After the 26/11 attacks, the UPA setup the NIA (National Investigative Agency) and it was supposed to be headed by a top police official and this agency would take the lead into all terror related acts and help with the investigations. I may be wrong, but didn't the CBI already have the best minds in the police department doing the same thing? Why make another agency and add more red tape when we already have one agency? Why not strengthen the existing agency? In any case, that's the secondary point in this unholy mess. Why are we focusing on an investigative agency to help build a case AFTER the attacks? Why not shore up and strengthen the intelligence agencies to PREVENT such attacks? Why doesn't Mr. Chidambaram do something about intelligence gathering, and clean up shop there rather than focus on what to do after an attack?

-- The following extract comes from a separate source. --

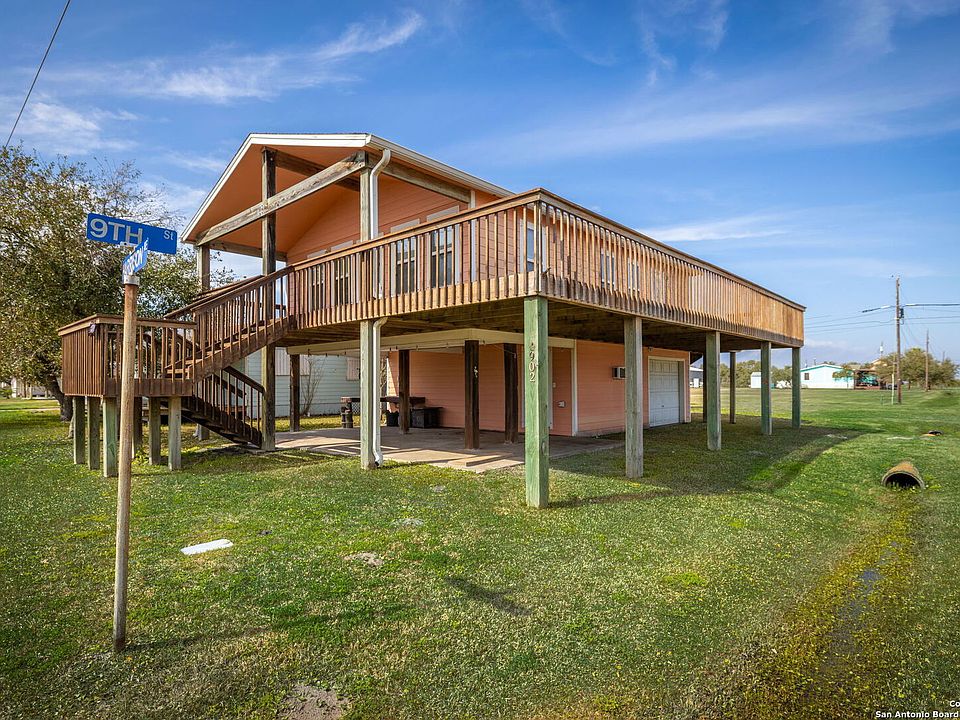 The Spoonbill, as the current owners have named her has been the hub of phenomenal POC memories for the last few years, but it's time for someone else to make new memories here. With two bedrooms and one bath upstairs and one bedroom with a full bath downstairs, the property sleeps 9. There's a one car garage (houses the laundry area) to store your beach toys or your skiff. Quick golf cart ride to Froggy's or front beach. The half lot behind the home is also included. Use it for truck and boat parking, or use the optional electric drop for an RV hookup. Water views from the kitchen window and upper deck allow everyone to enjoy POC sunsets over Boggy Bayou. No HOA!

I fail to see the logic in this, and what really astounds me is the fact that no one in the government is thinking on these lines. I mean if someone like me can find this so obvious, I'm sure there would be at least one smart soul in the corridors of power who could have thought of this. Is it that the intelligence agencies are so messed up with politics that no one wants to touch them? I mean is this the sign of a super power? Or a wannabe super power? Screw it!

So when's the next attack Johnny? Oh, I'm sorry, you'd never know that, would you, so I'll rephrase - just tell me how many die in the next attack when it happens.

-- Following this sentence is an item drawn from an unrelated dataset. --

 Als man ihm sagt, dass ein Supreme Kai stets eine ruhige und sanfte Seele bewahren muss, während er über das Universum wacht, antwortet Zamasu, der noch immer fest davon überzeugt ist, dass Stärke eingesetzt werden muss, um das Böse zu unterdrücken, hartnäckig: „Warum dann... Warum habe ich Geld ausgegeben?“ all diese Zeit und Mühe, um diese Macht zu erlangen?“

Wednesday, January 13, 2010

Playing hide and seek, celestially

There have been a lot of incidents over the last few weeks that I'd like to blog about, but I just had to, had to put in a mention about the solar eclipse that is going to happen on Friday the 15th of January, 2010. There are so many superstitions here that it makes my head spin. With all the advances we've made in science, our people still fall prey to age old guesswork, quite clearly the result of not knowing what an eclipse is. Pregnant women aren't allowed outside, people aren't supposed to be seen outside eating, you shouldn't have sex, you shouldn't do this, you shouldn't go there, the list goes on and on. This 15th, I'm going to step outside my office, go to the terrace, and enjoy the eclipse (even though it'll be only about 40% here in Bangalore), hopefully with the help of some of those 'eclipse' goggles that are being sold.

So people, for those of you who actually believe that there will actually be something adverse because of a solar eclipse, let me try to put it to you in English as simple as can be: No. Anything bad that happens would have just as likely have happened if there was no eclipse as well. If you trip and fall, the cause for that could just as likely be attributed to Paris Hilton giving someone a blowjob, or Lindsay Lohan going wild at some party, or (more locally) Mayawathi announcing that she's going to build another statue, or Deve Gowda calling the chief minister a bast***.

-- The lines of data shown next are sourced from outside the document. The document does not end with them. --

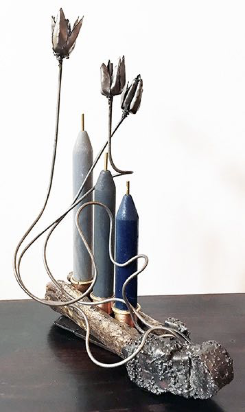 In the Candlestick Series I transform a mundane everyday object, the candlestick, into sculpture. Some in this series are fully sculptural entities in which the candle itself is painted wood with a metal wick. Some are functional. All have elements incorporated from my other sculptural work in which clearly man-made constructs interact with organic forms.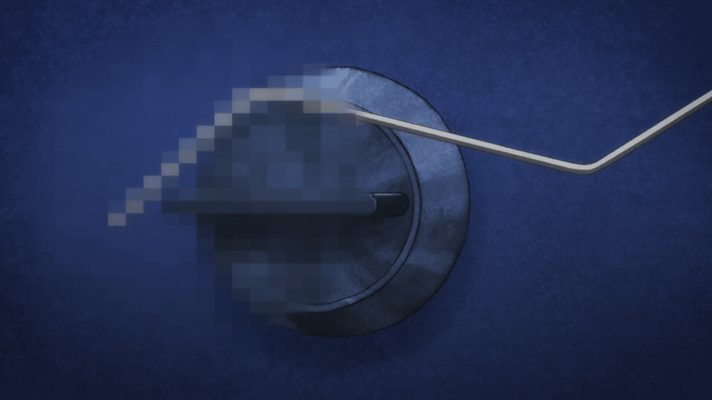 I almost forgot to add my reaction to the lock-picking scene. I’m not sure if it aired like this or not, but the version I watched online had censored the shape of the pick. This strikes me as incredibly stupid. I suspect there is some Japanese law or regulation that forbids visually showing how to commit a crime like breaking and entering. That’s the only explanation I could think of, and it’s still mind-bogglingly absurd. Stop censoring anime, Japan. Thanks.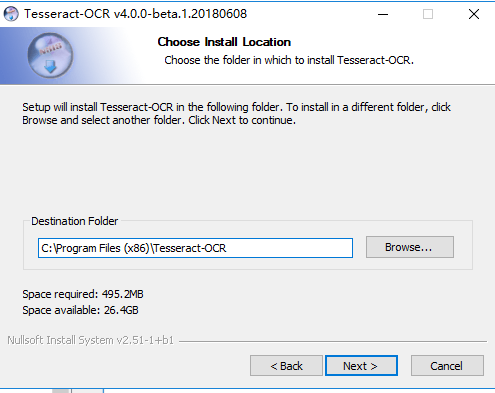 安装完后打开软件坐在目录,这里我选择的是默认目录C:\Program Files (x86)\Tesseract-OCR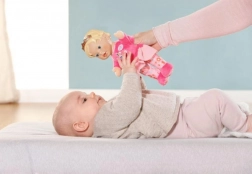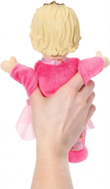 Princeznička BABY born for babies je ideální první panenkou pro miminka a batolata. Hebké tělíčko láká k tulení, zatímco lehká vinylová hlavička se zlatou korunkou dodává hračce královský vzhled. Integrované kapsičky v rukou promění panenku v maňáska – stačí vsunout prsty a začít vyprávět příběhy.

There is no 'extra' radiation given out during an eclipse, there are no 'evil spirits' roaming about that enter your body during an eclipse, etc etc etc. Another caution given is "Don't look at the eclipse (sun), as the 'extra' radiation is bad for the eyes". If anyone says something like this to you, do not hesitate to sock them real hard (if they are educated). The only reason it's going to be bad for the eyes is because YOU ARE LOOKING AT THE SUN, DAMN IT!!! I'd pretty much expect it to be bad for your eyes if you stared at it! Just because the sun is covered by the moon, and there isn't enough 'light', that doesn't mean the radiation (Ultra Violet - yes, the same chap fearing whom you apply sunscreen lotion with UV protection) vanishes. On a normal day, the light is so bright that the pupils in your eyes don't open up at all, and so the radiation doesn't enter the eyes. During an eclipse, because of the lack of light, your pupils get dilated (meaning they open a little more to allow more light to enter), and since UV rays are not visible to us, they enter as well if you keep staring at the sun (eclipse) and will go in and burn your retina (that's something that is deep within your eye). That's it, nothing else. No more nonsense about children being born with cleft lips and horns, and forked tongues, and what not.

So please, please please pretty please, don't waste a day staying indoors and/or away from work.